Write out only the lines from the start of the entries up to and including the line with "Kraličky (Chlístovice) B."; please skip the pictures.
[Source data]
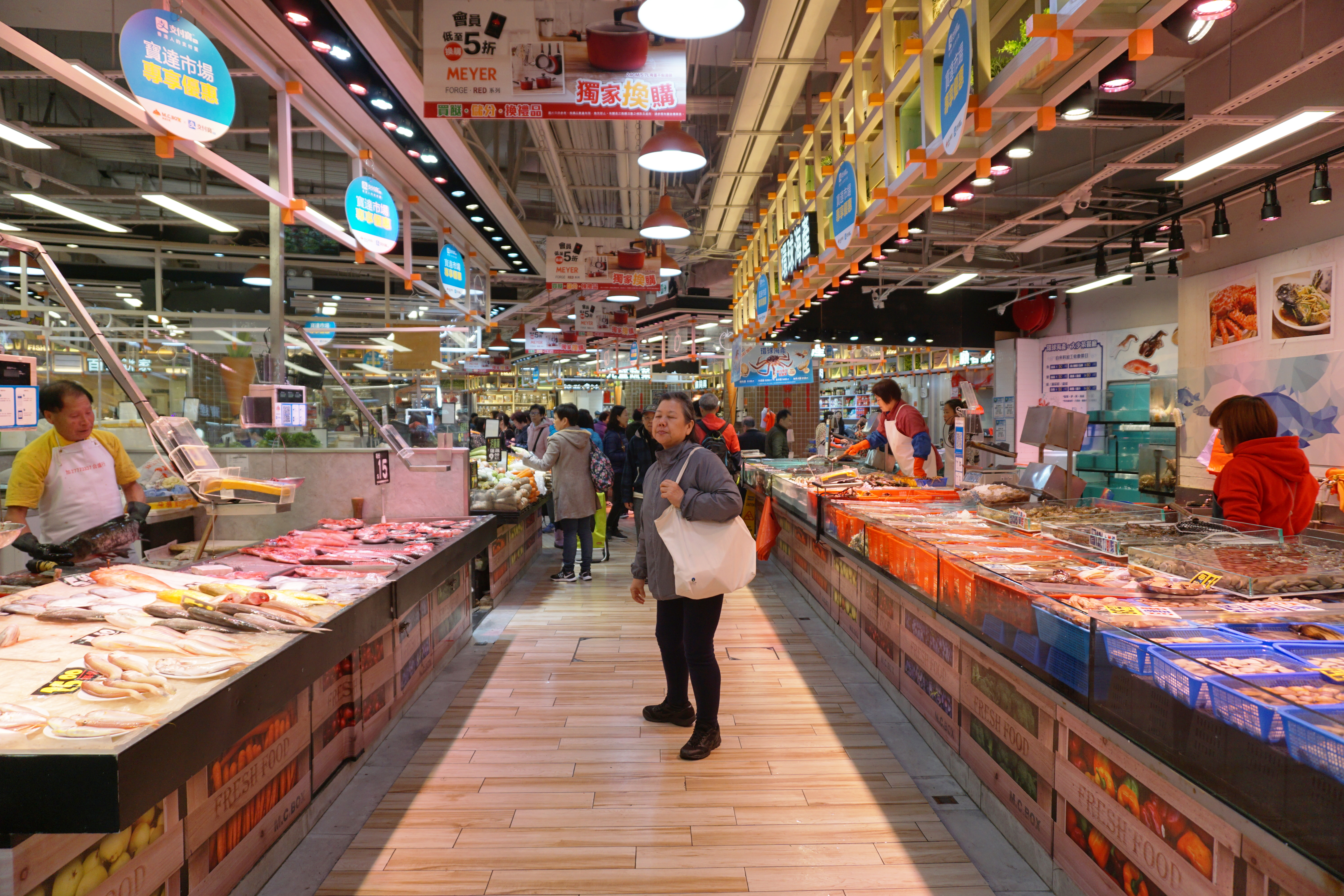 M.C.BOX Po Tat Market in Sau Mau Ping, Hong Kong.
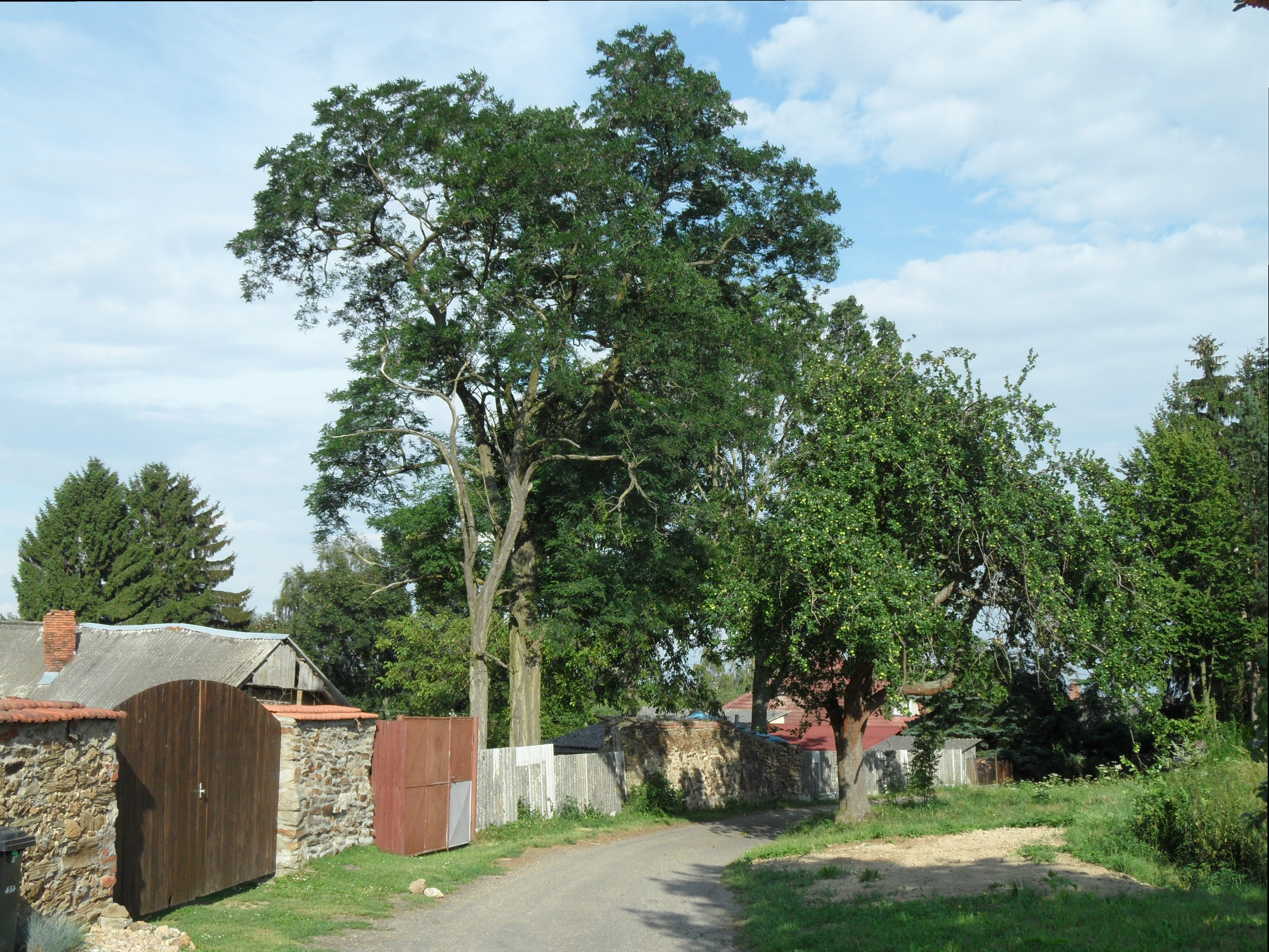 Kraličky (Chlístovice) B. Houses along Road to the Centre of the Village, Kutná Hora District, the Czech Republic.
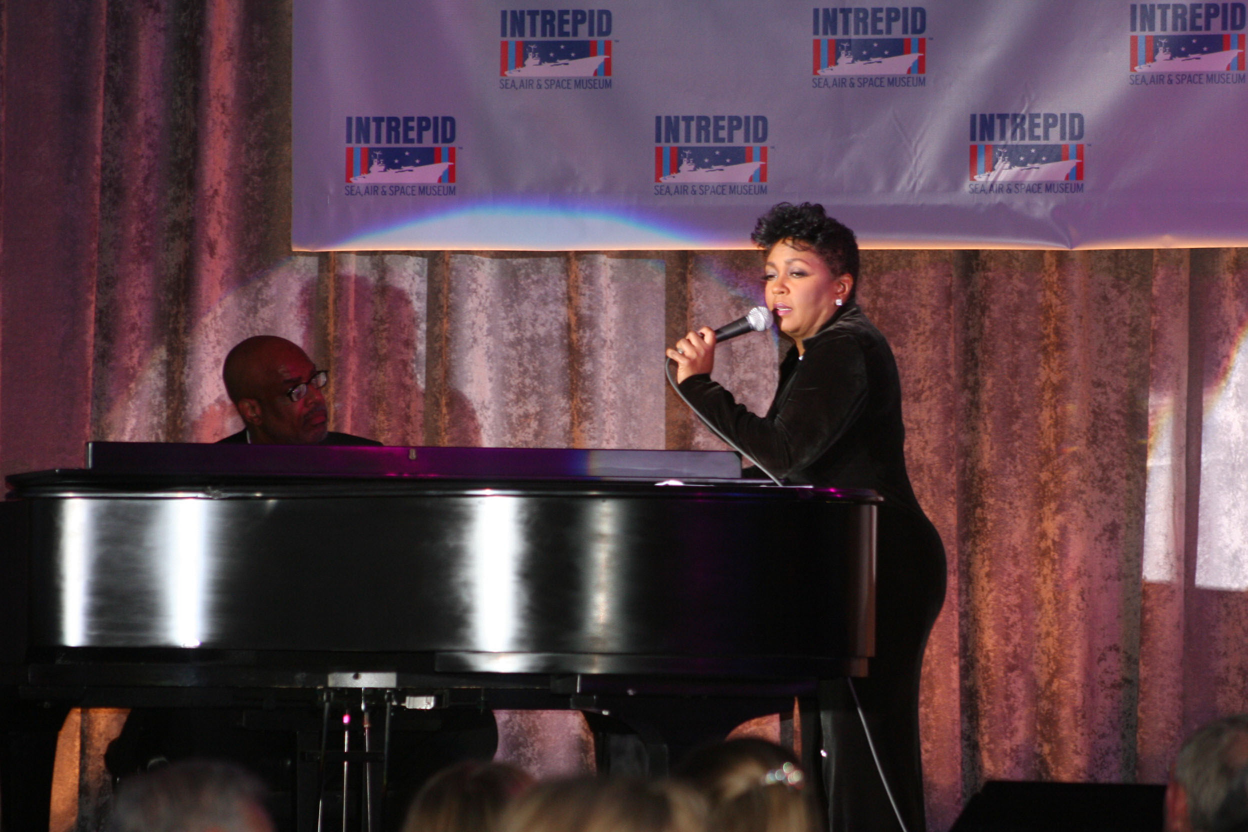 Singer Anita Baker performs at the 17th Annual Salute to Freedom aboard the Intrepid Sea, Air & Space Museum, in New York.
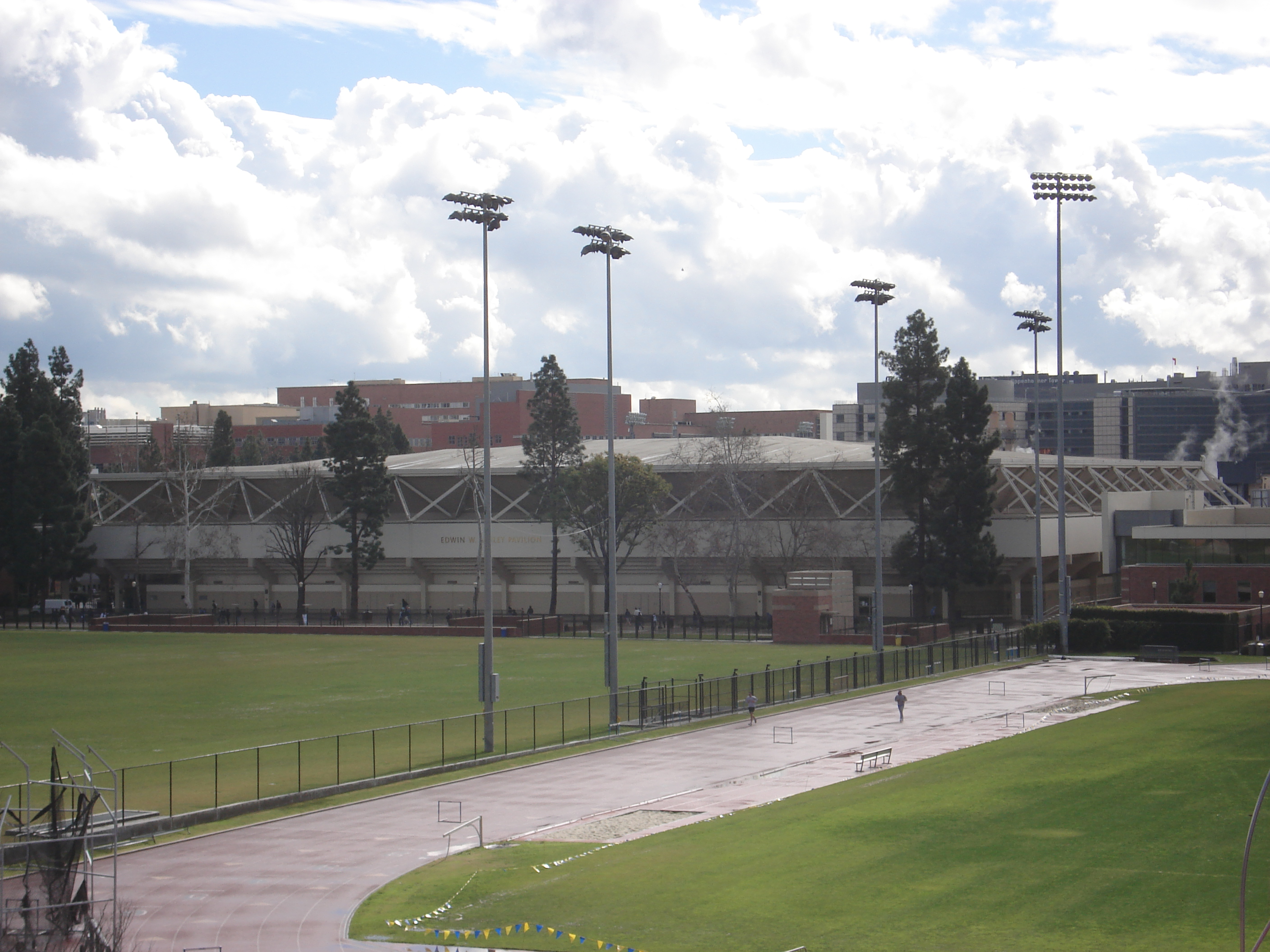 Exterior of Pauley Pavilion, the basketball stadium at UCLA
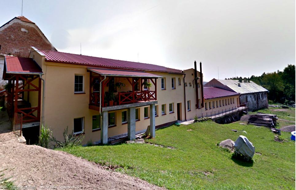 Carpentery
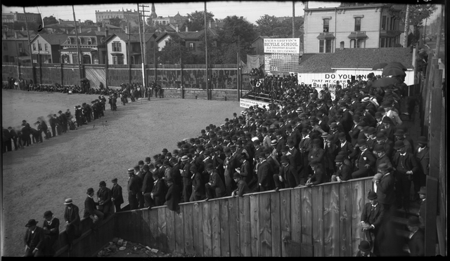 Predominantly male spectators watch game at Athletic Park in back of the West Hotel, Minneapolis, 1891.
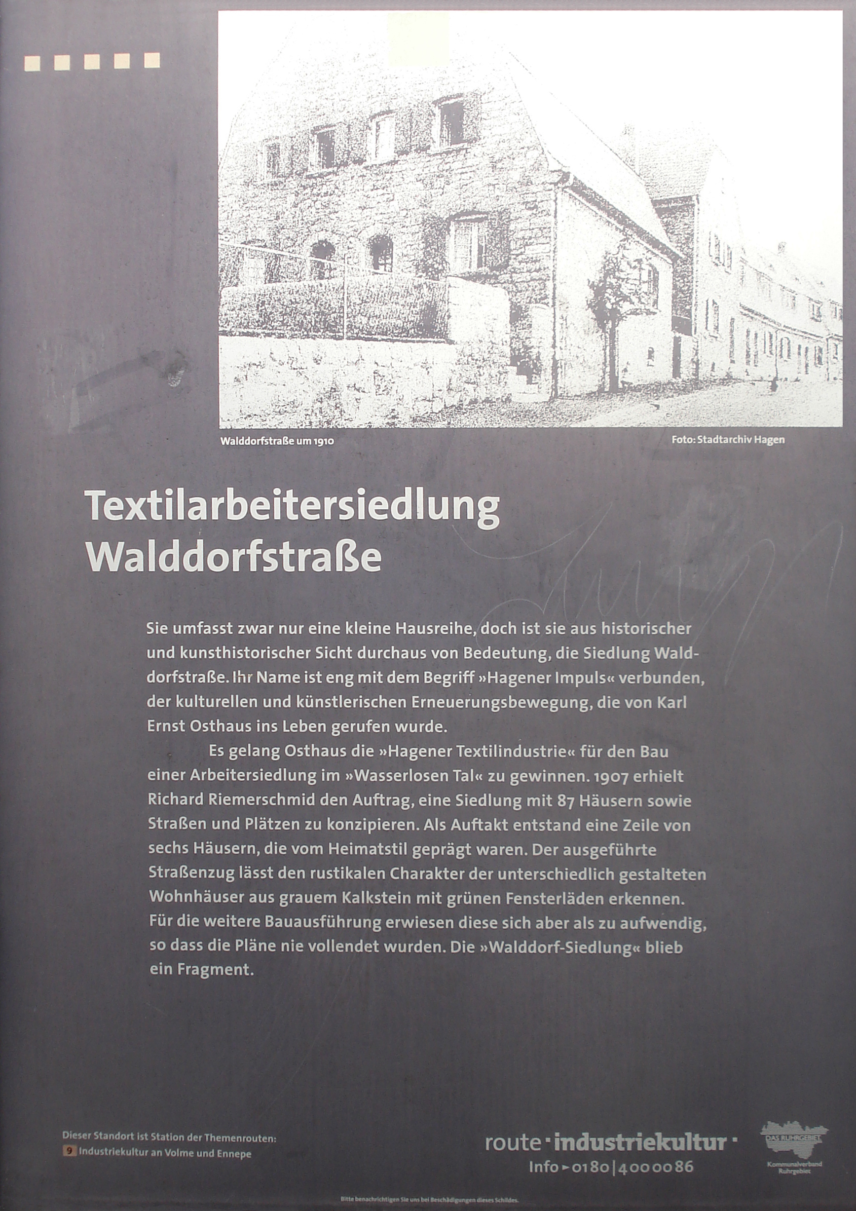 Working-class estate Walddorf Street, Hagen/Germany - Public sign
[/Source data]
● **Solution for this exercise**:
 M.C.BOX Po Tat Market in Sau Mau Ping, Hong Kong.
 Kraličky (Chlístovice) B. Houses along Road to the Centre of the Village, Kutná Hora District, the Czech Republic.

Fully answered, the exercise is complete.